The entries below are to be copied exactly, with every picture left out.

______________________________

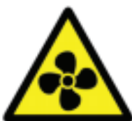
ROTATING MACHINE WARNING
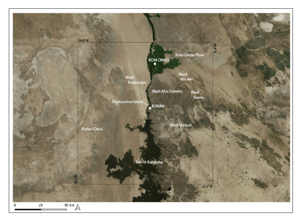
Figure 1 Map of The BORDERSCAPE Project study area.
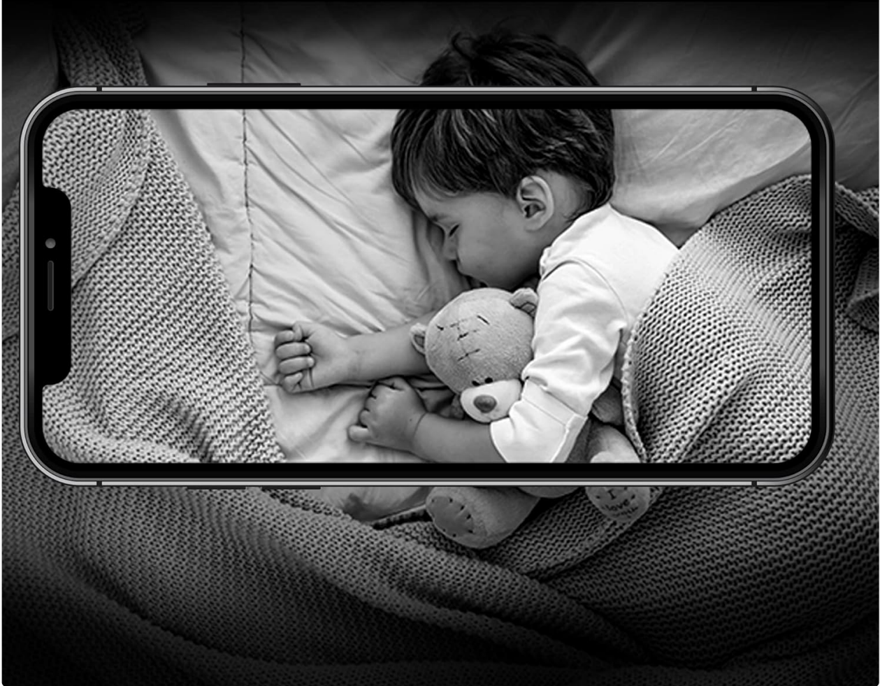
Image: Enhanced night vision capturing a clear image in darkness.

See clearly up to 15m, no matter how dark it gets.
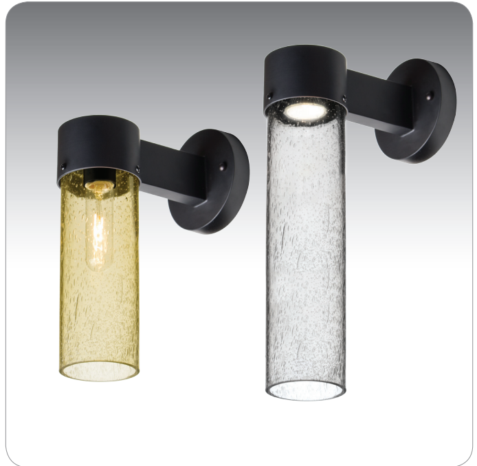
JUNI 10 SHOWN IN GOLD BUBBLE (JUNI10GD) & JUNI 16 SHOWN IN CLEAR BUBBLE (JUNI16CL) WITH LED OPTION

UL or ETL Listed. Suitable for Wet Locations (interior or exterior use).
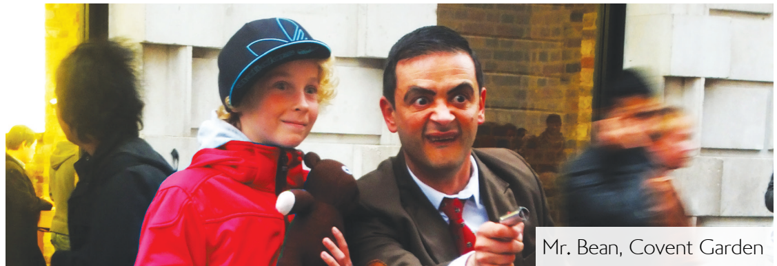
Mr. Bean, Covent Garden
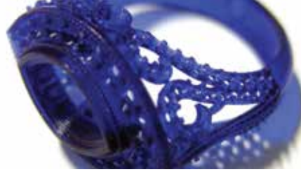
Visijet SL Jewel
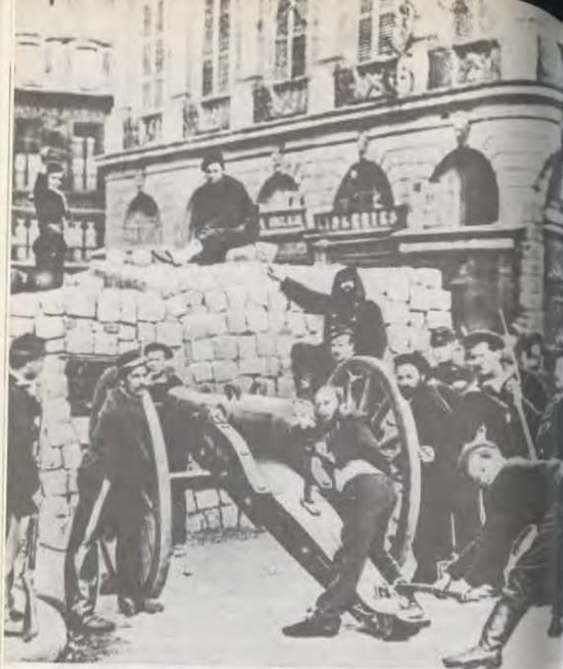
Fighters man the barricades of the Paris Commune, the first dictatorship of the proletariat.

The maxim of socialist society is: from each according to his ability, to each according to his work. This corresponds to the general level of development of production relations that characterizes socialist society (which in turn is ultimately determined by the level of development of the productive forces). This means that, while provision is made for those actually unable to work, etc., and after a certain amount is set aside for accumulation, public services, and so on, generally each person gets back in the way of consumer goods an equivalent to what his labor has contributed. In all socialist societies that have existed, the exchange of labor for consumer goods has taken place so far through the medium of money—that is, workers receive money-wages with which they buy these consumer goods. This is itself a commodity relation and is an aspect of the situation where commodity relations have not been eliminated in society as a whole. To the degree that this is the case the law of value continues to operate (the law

______________________________

> **Result below**:
ROTATING MACHINE WARNING
Figure 1 Map of The BORDERSCAPE Project study area.
Image: Enhanced night vision capturing a clear image in darkness.

See clearly up to 15m, no matter how dark it gets.
JUNI 10 SHOWN IN GOLD BUBBLE (JUNI10GD) & JUNI 16 SHOWN IN CLEAR BUBBLE (JUNI16CL) WITH LED OPTION

UL or ETL Listed. Suitable for Wet Locations (interior or exterior use).
Mr. Bean, Covent Garden
Visijet SL Jewel
Fighters man the barricades of the Paris Commune, the first dictatorship of the proletariat.

The maxim of socialist society is: from each according to his ability, to each according to his work. This corresponds to the general level of development of production relations that characterizes socialist society (which in turn is ultimately determined by the level of development of the productive forces). This means that, while provision is made for those actually unable to work, etc., and after a certain amount is set aside for accumulation, public services, and so on, generally each person gets back in the way of consumer goods an equivalent to what his labor has contributed. In all socialist societies that have existed, the exchange of labor for consumer goods has taken place so far through the medium of money—that is, workers receive money-wages with which they buy these consumer goods. This is itself a commodity relation and is an aspect of the situation where commodity relations have not been eliminated in society as a whole. To the degree that this is the case the law of value continues to operate (the law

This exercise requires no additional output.